Especially smaller companies often fall prey to the deceptive assumption that compliance violations are a problem for the “big fish”. Believing in the principle that “nothing will go wrong” is not only naive, but also clearly negligent. Even smaller companies are not flying under the radar, as the GDPR alone affects many software products for end users. In addition to endangering the privacy of end users, carelessly ignoring data protection vulnerabilities can also jeopardize the reputation of the company and its managers. In many cases, it can even lead to notoriously severe fines. This is especially true when it comes to repeat violations, or if previous evaluations such as penetration tests and security reviews have clearly indicated vulnerabilities or if they were not conducted in the first place.

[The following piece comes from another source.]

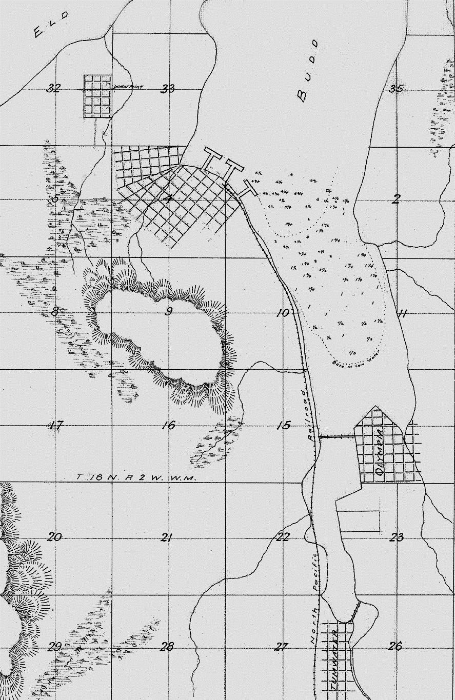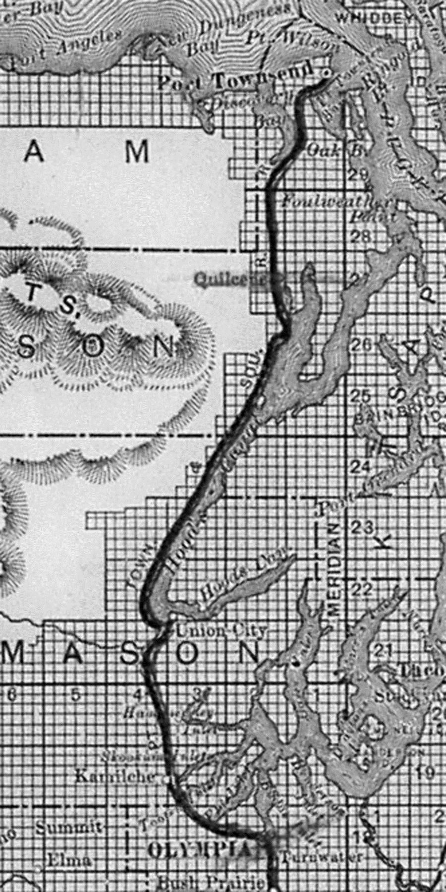 2 In Mason County Deed Book S, pages 267-269, dated June 19, 1889, the Port Townsend Southern Railroad Company buys 500 lots in Union City from the Hoods Canal Land & Improvement Company. The sale was conditional upon the location, by July 1, 1890, of a standard-gauge railroad from the Bay of Port Townsend, via the west side of Hood Canal, to the Columbia River “or with some railroad in Washington Territory in operation, and having transcontinental connections.”

Simply ignoring the issue is not an option. Consequently, architects and developers need to consistently keep up with modern technologies and proven standard procedures. After all, regulations such as the GDPR demand that data protection is always based on the latest state-of-the-art technology. Although there is frequently updated guidance on the definition of this term [2] along with specific recommendations for action, there is no binding reassurance. This problem is also not resolved by working with auditors, because they usually do not support companies in the detailed implementation of these technical measures. In all actuality, they concentrate more on checking the documented procedures than on the actual implementation. Companies also often overlook that compliance requirements must already be considered during architecture design. The illusion that compliance is an appendage that can be retrofitted later is misleading. A targeted design that takes data protection and information security into account from the very beginning is crucial to avoid costly redesigns later on.

Especially among companies in less regulated industries, there is often a lack of understanding of the critical aspects of their own system that are worth protecting. Taking GDPR compliance as an example, the right to erasure (right to be forgotten) of personal data places high demands on the traceability of data streams.

A typical example is a master data application for customers that is operated in a cloud as well as on-premises. If this application stores personal data, it must be able to identify and irreversibly erase all data requested by a customer. If personal data is stored in different databases, caches, backups, and messaging brokers, complete erasure through manual intervention cannot be guaranteed.

Another problem could arise from the interoperability of the various system components, if data flows through several layers or services and ultimately continues to services like SaaS offerings that are difficult to monitor. An architecture design that considers data protection requirements from the beginning allows these types of data flows to be sensibly managed and monitored.

Furthermore, precise knowledge of the criticality of the processed data as well as the services and interfaces that depend on it provides a strong foundation for deciding which parts of the system can be outsourced to a public cloud (e.g. under US control). However, it is also crucial to assess the cost of a cloud migration. It comes as no surprise that many legacy systems are left in on-premises operating environments despite their low criticality. The effort is simply not worth it, despite the attractive benefits offered by cloud operation.

Effective measures

In addition to the usual practice of ensuring compliance in companies, in our experience, the creation of supportive team structures and the adaptation of software delivery and operating processes are among the most effective measures. This includes:

Establishment of a federal compliance group
Accessibility of global policies and automated enforcement
Standardized software delivery pipelines and templates for all operating environments
Automated self-service interfaces for hybrid operation with pioneer teams

These points are discussed in more detail below.

Federal compliance group

In addition to centrally controlled specifications, other stakeholders, such as security experts and architects, also place more specific demands on the development teams. Some of these requirements are not formulated in specific terms or there is no direct contact person for follow-up questions. Instead, the definition of such requirements is discussed in small circles, while development teams are not directly involved. If development teams were more involved here, their valuable professional and technical expertise would flow into the definition of requirements, which would ultimately lead to practical and implementable specifications.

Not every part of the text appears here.